▶ [Work required] Retype the lines of the listing below exactly, but only those from the one containing "本文基于端到端深度视频压缩框架,提出了一种环路多帧预测模块(in-loop frame prediction" through the last line; pictures stay out.
===============
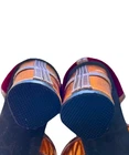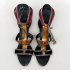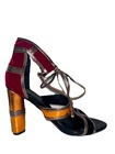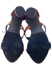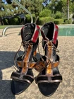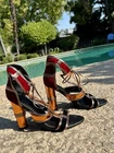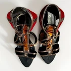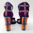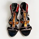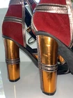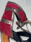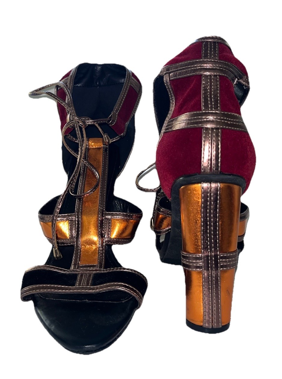 These Patchwork Cage Sandals by Catherine Malandrino are a stylish and bold choice for any occasion. The metallic velvet strappy heels feature a lace-up closure and a block heel design, perfect for adding a touch of glamour to your outfit. With a platform height of 4 inches and an ultra-high heel, these sandals are sure to make a statement. Made from faux leather and velvet materials, these vegan heels are adjustable for the perfect fit and are inspired by the fashion of Kloe Kardashian and Tom Ford. Ideal for weddings, parties, or casual and formal events in the winter and fall seasons. These shoes in near excellent condition. Maybe worn once or twice. Enjoy this luxury look at a fraction of the price.
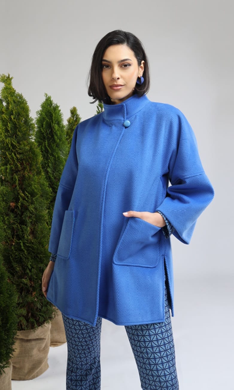 modello uovo, con bottone sul collo e tasche sul davanti, blu royal
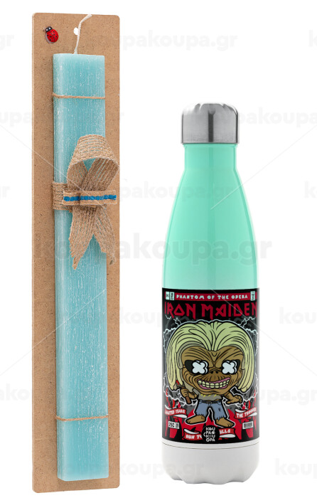 Iron maiden (eddie), Πασχαλινή Λαμπάδα με Μεταλλικό παγούρι θερμός Πράσινο/Λευκό (Stainless steel), διπλού τοιχώματος, 500ml & κερί αρωματικό πλακέ (30cm) (ΤΙΡΚΟΥΑΖ)
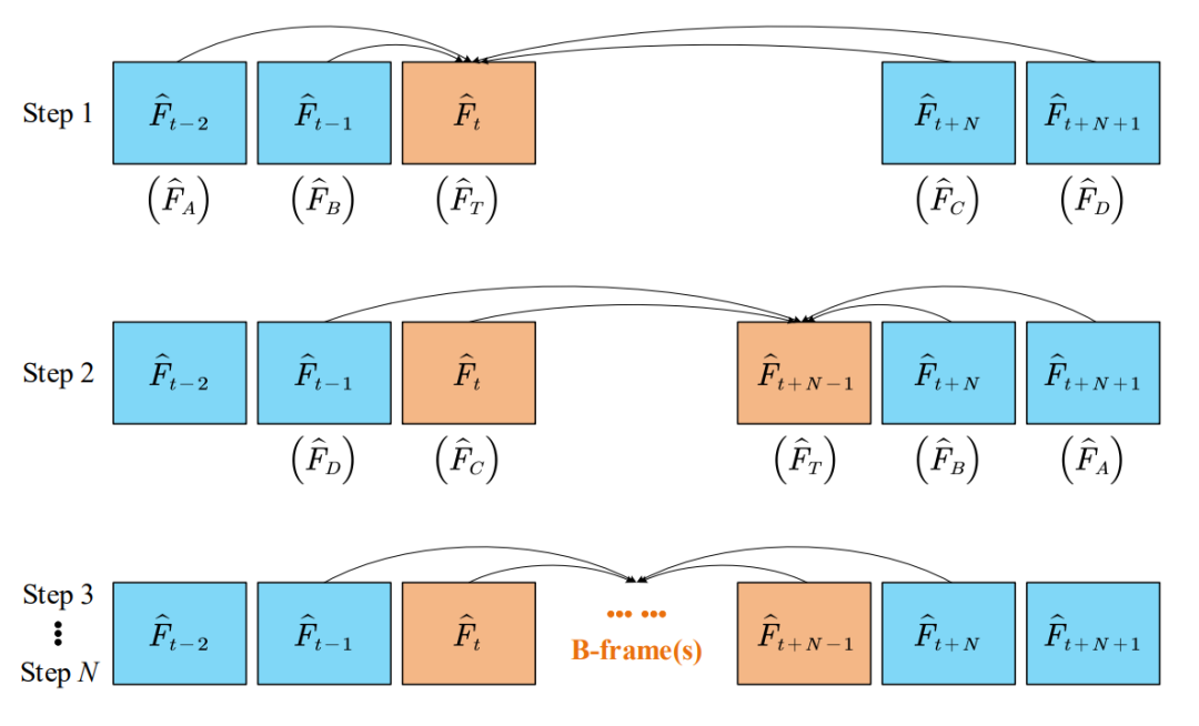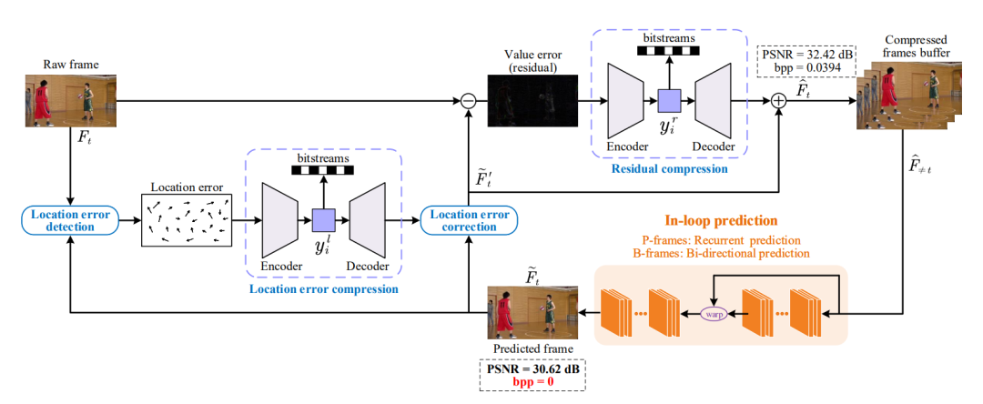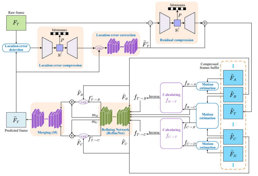 本文基于端到端深度视频压缩框架,提出了一种环路多帧预测模块(in-loop frame prediction module),在不额外消耗码率的情况下,对当前帧实现基于多个参考帧的高效预测。
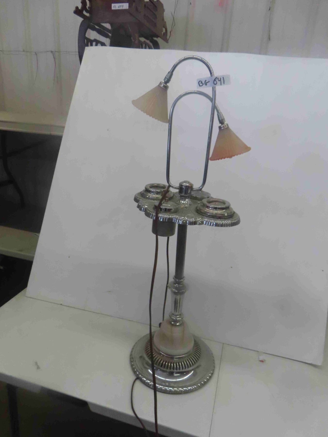 1940s Metal Craft Chrome Floor Ashtray Stand with Tulip Shades
===============
▶ [Response to this task]
 本文基于端到端深度视频压缩框架,提出了一种环路多帧预测模块(in-loop frame prediction module),在不额外消耗码率的情况下,对当前帧实现基于多个参考帧的高效预测。
 1940s Metal Craft Chrome Floor Ashtray Stand with Tulip Shades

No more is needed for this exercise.